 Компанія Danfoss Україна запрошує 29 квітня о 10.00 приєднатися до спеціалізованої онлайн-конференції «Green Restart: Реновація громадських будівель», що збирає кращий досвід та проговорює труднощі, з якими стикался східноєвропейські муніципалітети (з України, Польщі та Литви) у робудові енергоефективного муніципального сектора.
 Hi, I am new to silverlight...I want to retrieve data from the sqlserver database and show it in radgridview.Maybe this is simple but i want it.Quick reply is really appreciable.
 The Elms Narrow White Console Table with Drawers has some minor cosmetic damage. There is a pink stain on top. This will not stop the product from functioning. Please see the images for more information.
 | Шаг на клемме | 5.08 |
+ + + + + + +
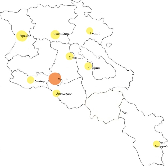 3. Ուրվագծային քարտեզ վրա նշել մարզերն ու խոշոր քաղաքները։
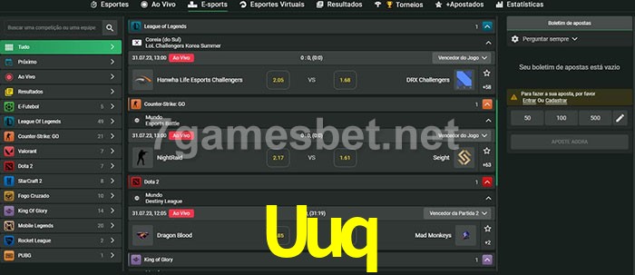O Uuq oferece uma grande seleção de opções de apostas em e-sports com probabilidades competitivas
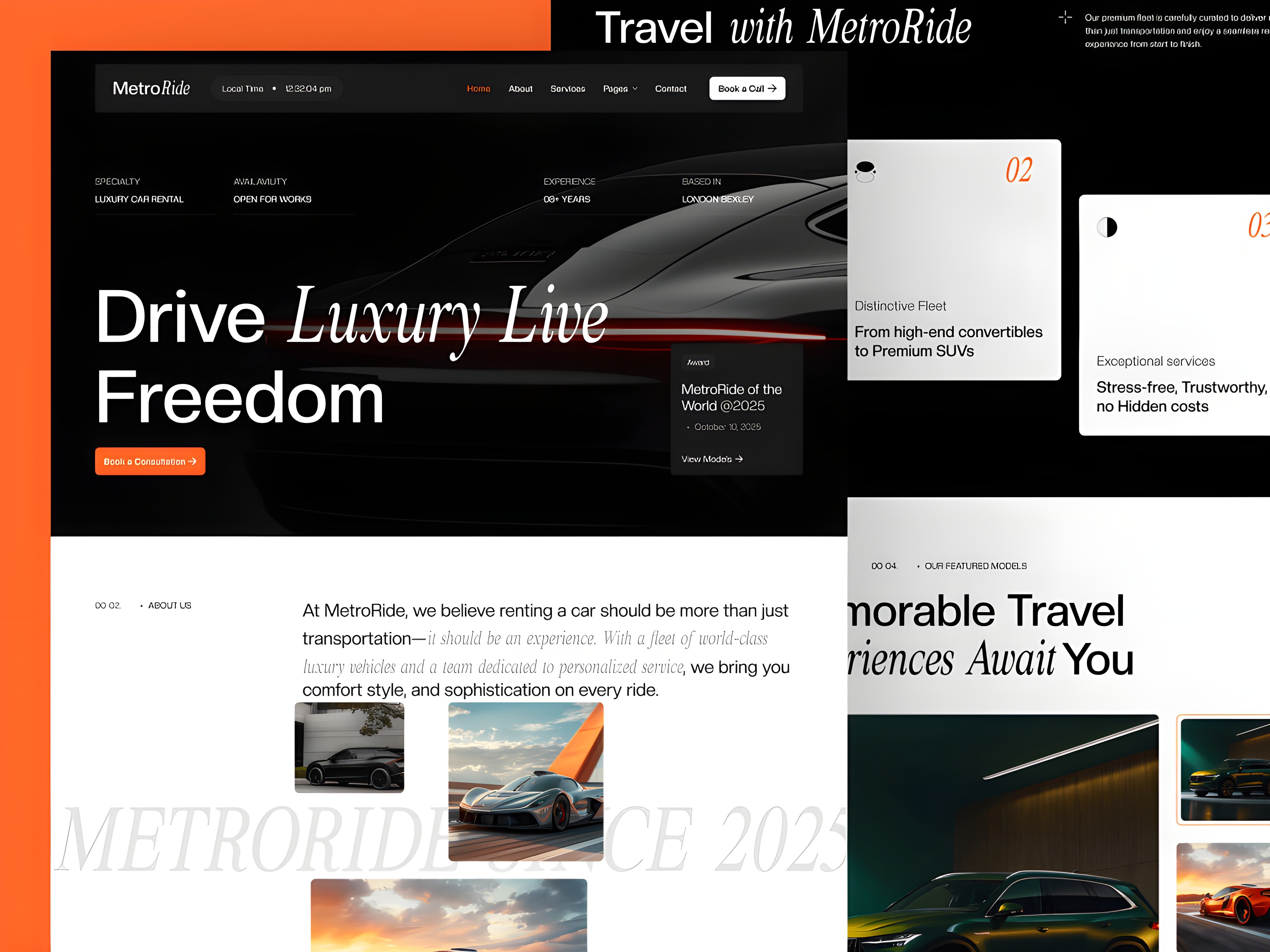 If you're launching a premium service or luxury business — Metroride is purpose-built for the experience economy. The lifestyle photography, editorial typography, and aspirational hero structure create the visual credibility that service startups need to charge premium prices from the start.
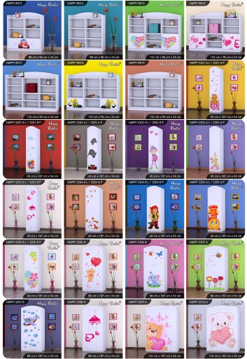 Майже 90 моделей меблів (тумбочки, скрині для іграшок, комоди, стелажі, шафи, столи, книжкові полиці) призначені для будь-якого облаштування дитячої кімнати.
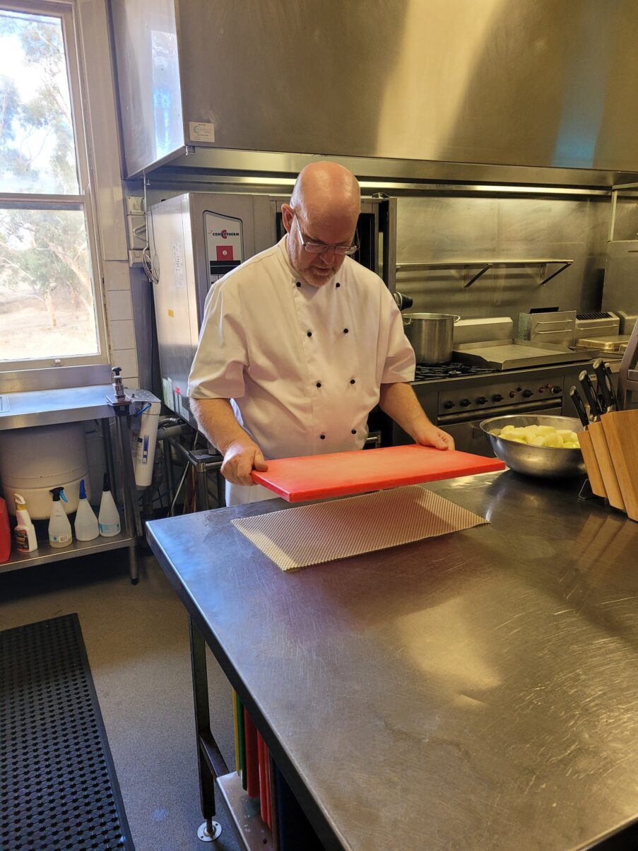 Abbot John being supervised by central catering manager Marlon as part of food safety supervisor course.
+ + + + + + +
* What you have to do: Starting at the line that has "Hi, I am new" and ending at the line that has "клемме | 5.08 |", please write out the lines above exactly, leaving out all others.

* Exercise response:
 Hi, I am new to silverlight...I want to retrieve data from the sqlserver database and show it in radgridview.Maybe this is simple but i want it.Quick reply is really appreciable.
 The Elms Narrow White Console Table with Drawers has some minor cosmetic damage. There is a pink stain on top. This will not stop the product from functioning. Please see the images for more information.
 | Шаг на клемме | 5.08 |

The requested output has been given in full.